Race conditions in procfs
OpenBSD deleted procfs in 5.7 release (2015), citing race conditions as
one of the main issues. FreeBSD deprecated it in 2011 and doesn’t mount
it by default. Instead users are expected to rely on tools like the
procstat command-line tool and the libprocstat
C library, which underneath use the sysctl(3) interface to
communicate with the kernel. In contrast, Linux supports
procfs with no plans of deprecating in sight and lots of
basic things on Linux can only be done through procfs. On
Linux, tools like ps, pmap,
pgrep, pkill, lsof all rely on
procfs.
Personally, I dislike the idea of /proc itself: exposing
system information that’s available in the kernel in binary form by
converting it to text only to be converted back to binary in user
processes, probably with some bugs along the way. Or, putting it
differently: stringly-typed programming.

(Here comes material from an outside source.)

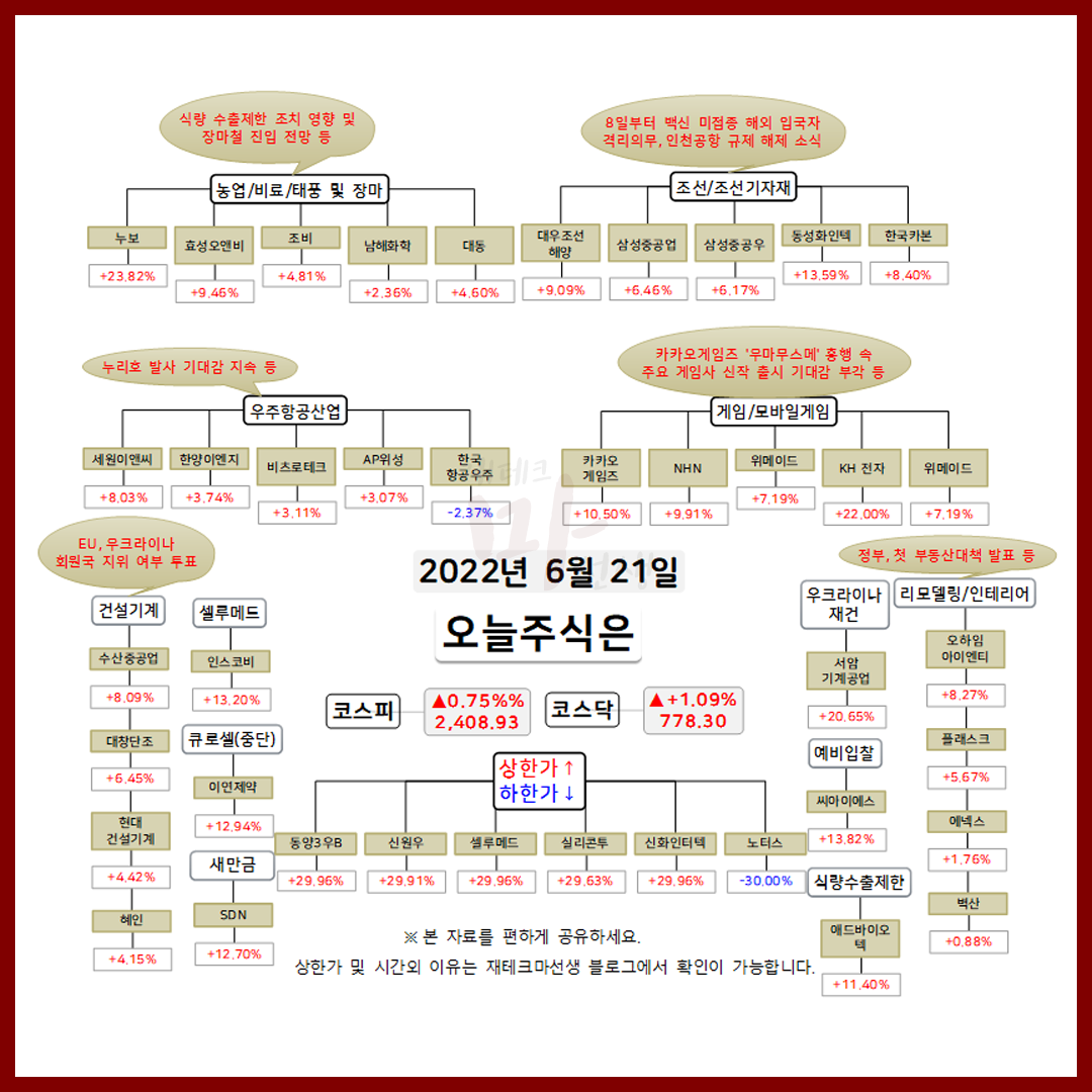 2022년 6월 21일 오늘의 상한가 종목 및 이유 :: 셀루메드 신화인터텍 실리콘투 주가 외 지난 뉴욕증시는 노예해방의 날 대체휴일로 휴장이였습니다. 금일 코스피 지수는 +0.75% 상승한 2,408.93에 마

This has consequences, such as
most files in /proc reporting their size through
fstat(2) as 0, even though they’re not empty when you
actually read them. In order for the kernel to report the actual size of
such a file, it would need to serialise its data into text every time
you ask it for the size, since the relation between the size of binary
data represented by the text and the size of the text is
non-obvious.
Another issue is that this API masquerades such files as regular
files, making them available through the same method as any other files,
even though when they are treated as regular files, bugs are inevitable.

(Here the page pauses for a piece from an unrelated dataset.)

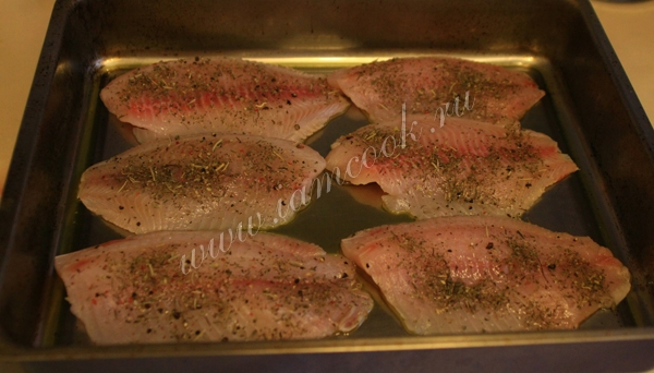 На противень выльем немного оливкового масла, так чтобы оно покрыло всю его поверхность. Выложим на него подготовленные нами на предыдущем шаге куски филе Тилапии.

There is no warning that they should be treated specially in order for
the user to receive correct data. So using tools like the
cat command or generic function for reading files like
base::ReadFileToString() in Chromium leads to incorrect
data. And that’s assuming that receiving correct data can even somehow
be guaranteed. It can be for some files in /proc, but not
for others, as I’ll show here.
Some files in /proc guarantee that their content is
consistent when read in a single read(2) syscall. Others
don’t. The obvious issue here is that in order to be able to read a
whole file in a single read(2) syscall, we need to know its
size first. And most files in /proc report that their size
is 0, even though they’re not empty:
$ ls -l /proc | egrep -v '^d' | head
total 0
-r--r--r-- 1 root root 0 Jun 11 03:47 buddyinfo
-r--r--r-- 1 root root 0 Jun 11 03:42 cgroups
-r--r--r-- 1 root root 0 Jun 11 03:42 cmdline
-r--r--r-- 1 root root 0 Jun 11 03:47 consoles
-r--r--r-- 1 root root 0 Jun 11 03:42 cpuinfo
-r--r--r-- 1 root root 0 Jun 11 03:47 crypto
-r--r--r-- 1 root root 0 Jun 11 03:42 devices
-r--r--r-- 1 root root 0 Jun 11 03:47 diskstats
-r--r--r-- 1 root root 0 Jun 11 03:47 dma
$ wc -c /proc/cpuinfo
5508 /proc/cpuinfoDemo: Linux
So is it a real problem? Everything seems to work. Can we get
incorrect data in practice? For demonstration purposes I’ll focus on the
/proc/[pid]/maps file, since I can easily programatically
control its contents and show how mutating it (which happens e.g. when a
program allocates or deallocates memory) and reading it concurrently
leads to incorrect data.
How should we read it? I’ll go with simulating the behaviour of the
base::ReadFileToString()
function from Chromium, which, through a sequence of indirections,
ultimately calls base::ReadStreamToSpanWithMaxSize().
This function in turn uses the fread(3) C standard library
function to read the file in chunks. If the file has a non-zero size
reported by fstat(2), then it uses that as the chunk size.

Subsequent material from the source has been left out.